Williams v. Atlanta Federal Savings & Loan Association

138 S.E.2d 613, 110 Ga. App. 388, 1964 Ga. App. LEXIS 643
CourtCourt of Appeals of Georgia
DecidedSeptember 30, 1964
Docket40835
StatusPublished
Cited by3 cases

This text of 138 S.E.2d 613 (Williams v. Atlanta Federal Savings & Loan Association) is published on Counsel Stack Legal Research, covering Court of Appeals of Georgia primary law. Counsel Stack provides free access to over 12 million legal documents including statutes, case law, regulations, and constitutions.

Bluebook
Williams v. Atlanta Federal Savings & Loan Association, 138 S.E.2d 613, 110 Ga. App. 388, 1964 Ga. App. LEXIS 643 (Ga. Ct. App. 1964).

Opinion

Bell, Presiding Judge.

Mrs. Merle Newman Williams filed her petition for declaratory judgment in Fulton Superior Court. The petition alleges that the plaintiff was awarded a widow’s year’s support setting aside to her certain real estate, that Atlanta Federal Savings & Loan Association subsequently sold the property at a legal sale pursuant to a power of sale contained in a conveyance from the plaintiff’s deceased husband to Atlanta Federal, that Atlanta Federal holds funds representing the plaintiff’s equity in the property and that the United States District Director of Internal Revenue has levied upon these funds to satisfy a tax lien. The petition requests the court to declare that the plaintiff’s claim by reason of her year’s support takes precedence over the claim of the Director of Internal Revenue and any and all other claims which might be filed against the funds.

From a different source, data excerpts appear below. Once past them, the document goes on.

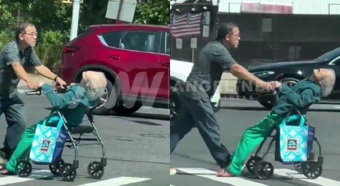En el video, se ve a un hombre con un aspecto algo oriental, caminando tranquilo por el paso peatonal mientras en una andadera lleva recostada a una mujer de la tercera edad con un aspecto extraño.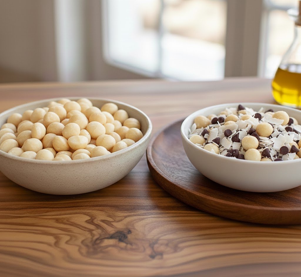 Mix dulce saludable: Mezcla 2 oz de nueces de macadamia con coco rallado y chips de chocolate oscuro.
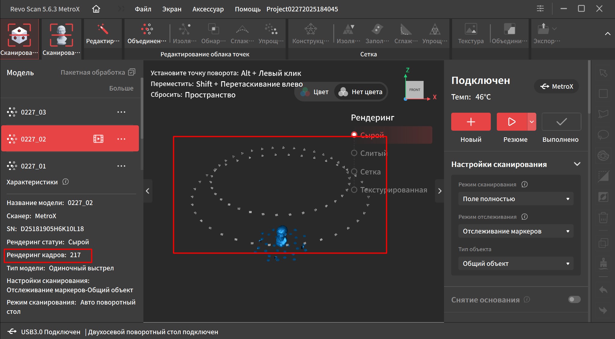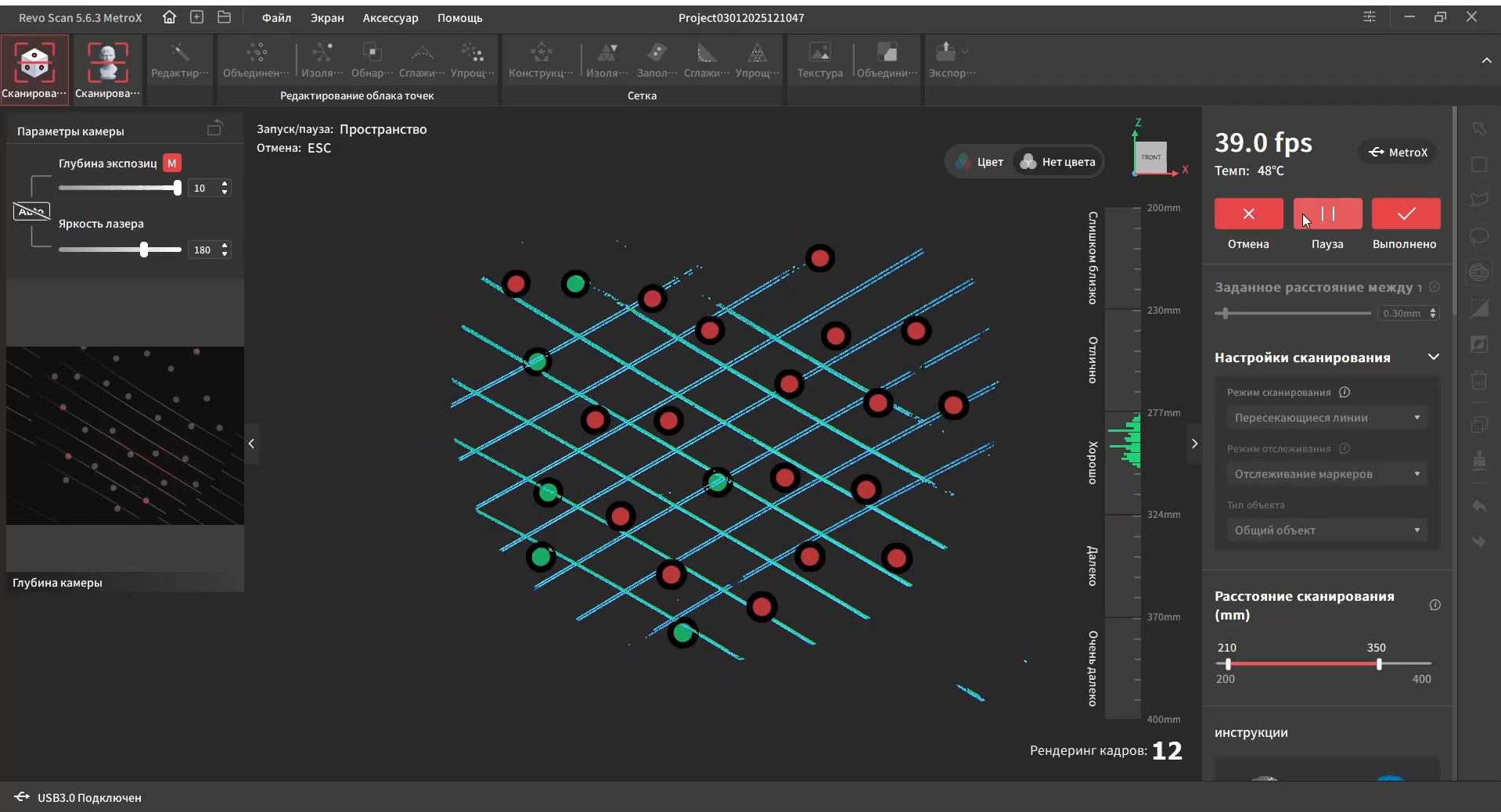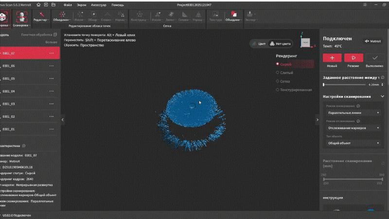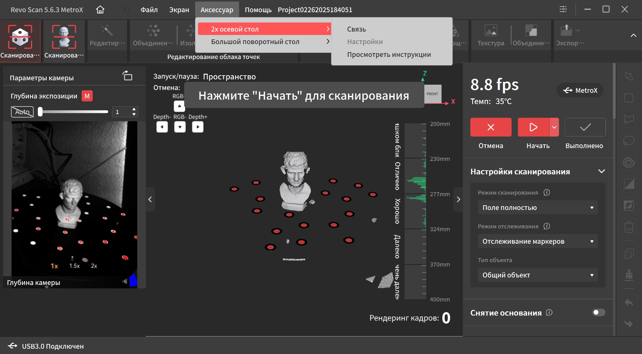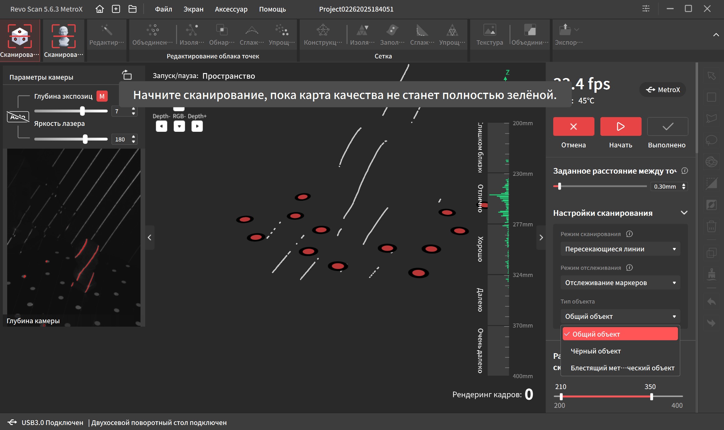Интерфейс переведен на русский язык и довольно прост в освоении. В верхней части окна находятся основные вкладки, справа дополнительные параметры и инструменты. Самая первая вкладка подразумевает работу с маркерами. Тут можно выбрать один из четырех режимов работы, режим отслеживания, тип объекта, шаг отрисовки, а так же расстояние фокусировки. Это позволяет отсеять лишний шум на заднем плане при сканировании небольших объектов.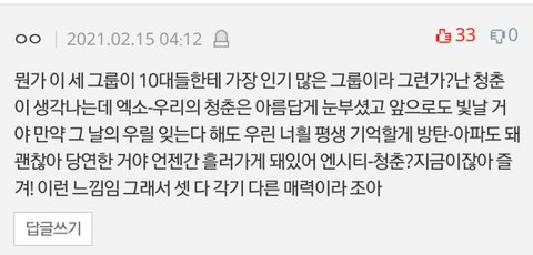 와 근데 맞아 지금 엑소엘들 보면 대학생되고 직장인된 에리들 많을걸? 아미분들도 보면 찐아미분들은 학창시절에 아미되서 대학생된분들도 직장인분들도 많음ㅜㅜ엑소 방탄은 딱 학창시절때의 추억이 생각나서 뭔가 기분이 묘함 엔시티는 시즈니분들이 지금 중 고등학생분들 대학생 이렇게 있을텐데ㅠㅠ 모르겠다 그냥 다 내 학창시절을 보냈던 그룹은 엑소 방탄 지금 내 20대 청춘을 같이 보낼 그룹은 엔시티 같음
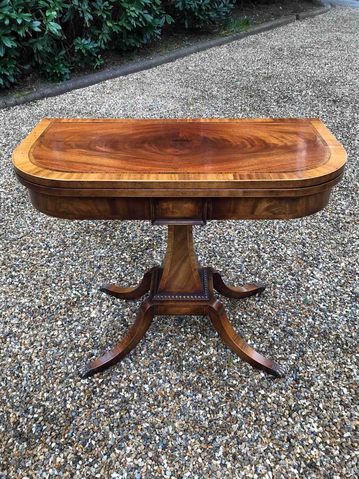 An original 19th Century Regency Inlaid Crossbanded D Shaped Mahogany Card Table with baize interior. Raised on a tempered chamfered column and splayed leg supports ending with brass claw feet and castors. The top swivels open to become a card table. Circa: 1830 Dimensions: Height: 31 inches – 78 cms Width: 36 inches – 91 cms Depth: 18 inches –…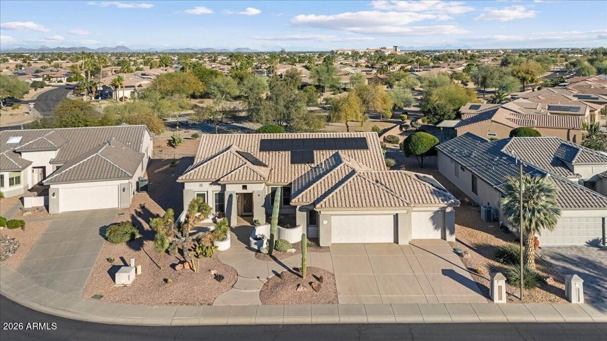 NEW ROOF UNDERLAYMENT ON IT'S WAY & RARE 3-CAR GARAGE! this home has been PRE-INSPECTED too! Experience the best of 55+ living in this move-in-ready gem tucked away in a quiet Skyview cul-de-sac at Sun City Grand. This 3BR/2.5BA home features fresh interior paint and a massive oversized 3-car garage with a built-in EV charger and a private enclosed workspace—a rare find! The open kitchen is an entertainer's dream, perfect for hosting friends. Step outside to your private oasis featuring a built-in grill, soothing fountain, and a large backyard designed for the Arizona lifestyle (no backyard neighbors) . Enjoy world-class amenities: golf, tennis, heated pools, and the clubhouse are just a golf cart ride away. walk in. With 3 bedrooms and 2.5 baths, there's plenty of room for guests or a dedicated home office. The large kitchen is the heart of the home, flowing perfectly into the living areas for easy entertaining. Outdoor Living at Its Best The backyard is your own private retreat. Fire up the built-in outdoor grill for a sunset dinner, or relax on the patio to the calming sounds of the water fountain. The oversized lot offers more privacy and space than your typical neighborhood build. The "Grand" Lifestyle You're not just buying a house; you're gaining access to world-class amenities. Enjoy championship golf, tennis, pickleball, and those famous resort-style heated pools and spasall just a short golf cart ride away from your quiet cul-de-sac. Key Highlights: New Roof & New Interior Paint (2024) Rare Oversized 3-Car Garage + Workspace EV Charging Station Installed Quiet Cul-De-Sac Location Built-in Outdoor Kitchen & Fountain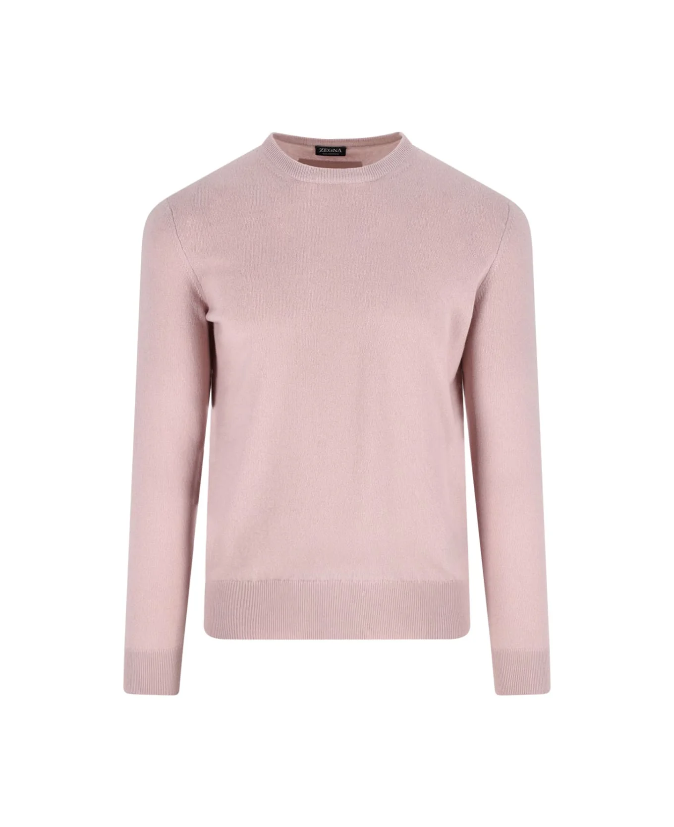 Zegna pink cashmere sweater with crew neck, long sleeves, tone-on-tone logo detail on the back, ribbed trim, straight hem. Composition: 100% Cashmere Made in: Italy Color: Pink Size and fit: - Vestibilita slim Model number: RUGK10A2110R92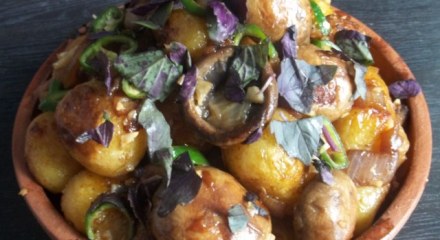 Mushroom Chashushuli is a family meal made with potatoes and mushrooms. It is especially good with new potatoes. Ingredients (4 servings): 700 grams of small new potatoes, 500 grams of mushrooms, 6 cloves of fresh garlic, 2 hot green peppers (or mild if you prefer), 2 large onions, 50 grams of fresh purple basil, oil and … Continue reading
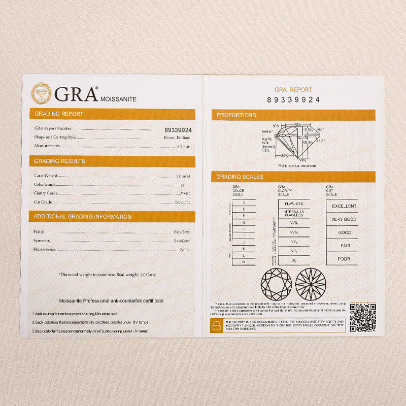 Authenticity guaranteed. Moissanite products come with a GRA certificate, giving you peace of mind and lasting trust.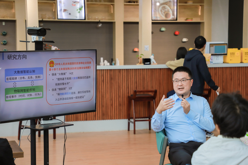 洪锋老师以生动有趣的方式,向同学们介绍了他的实验室的研究方向——物联网感知和轨迹大数据。他从《碟中谍5》的WFID ——无设备、无交互用户识别系统获得灵感,研究物联网感知;从“早起的鸟儿有虫吃”的Early Birds规律中挖掘结果,实现船舶的捕捞预测模型……随后,洪锋老师从电影场景、生活实例入手,深入浅出地给同学们介绍了部分科研项目,展示了科学研究的魅力。洪锋老师表示,计算机学院所有老师都非常欢迎同学们加入实验室,只要同学们有一定的编程基础和逻辑思维能力,能够保持对科研的热爱,积极克服困难,都可以加入科研队伍,勇敢探索未知!

The District Director of Internal Revenue appeared specially to assert the lack of jurisdiction of the court, and thereafter the trial judge entered an order of dismissal. The plaintiff excepts to the judgment of the court dismissing her petition for declaratory judgment. Held:

62 Stat. 974 (1948) 28 U.S.C. § 2463 (1958) provides: “All property taken or detained under any revenue law of the United States shall not be repleviable, but shall be deemed to be in the custody of the law and subject only to the orders and decrees of the courts of the United States having jurisdiction thereof.” (Emphasis added.) The funds in question, levied upon under Int. Rev. Code of 1954, § 6331, were “taken or detained” under a revenue law of the United States, and thus, by clear statutory provision, jurisdiction of the case, at least where the plaintiff’s claim would interfere with control of the property by the District Director of Internal Revenue, is vested exclusively in the appropriate Federal courts. See generally: N. H. Fire Ins. Co. v. Scanlon, 362 U.S. 404 (80 SC 843, 4 LE2d 826); Universal Commercial Corp. v. Roani, 218 La. 997 (51 S2d 603). As the State court was without jurisdiction to grant the relief prayed for, there was no error in the judgment dismissing the petition.

Judgment affirmed.

Jordan and Eberhardt, JJ., concur. *389 Decided September 30, 1964. Young H. Fraser, for plaintiff in error. Louis F. Oberdorfer, Assistant U. S. Attorney General, Lee A. Jackson, Joseph Kovner, Charles L. Goodson, Slaton Clemmons, John 0. Jones, Paul Anderson, contra.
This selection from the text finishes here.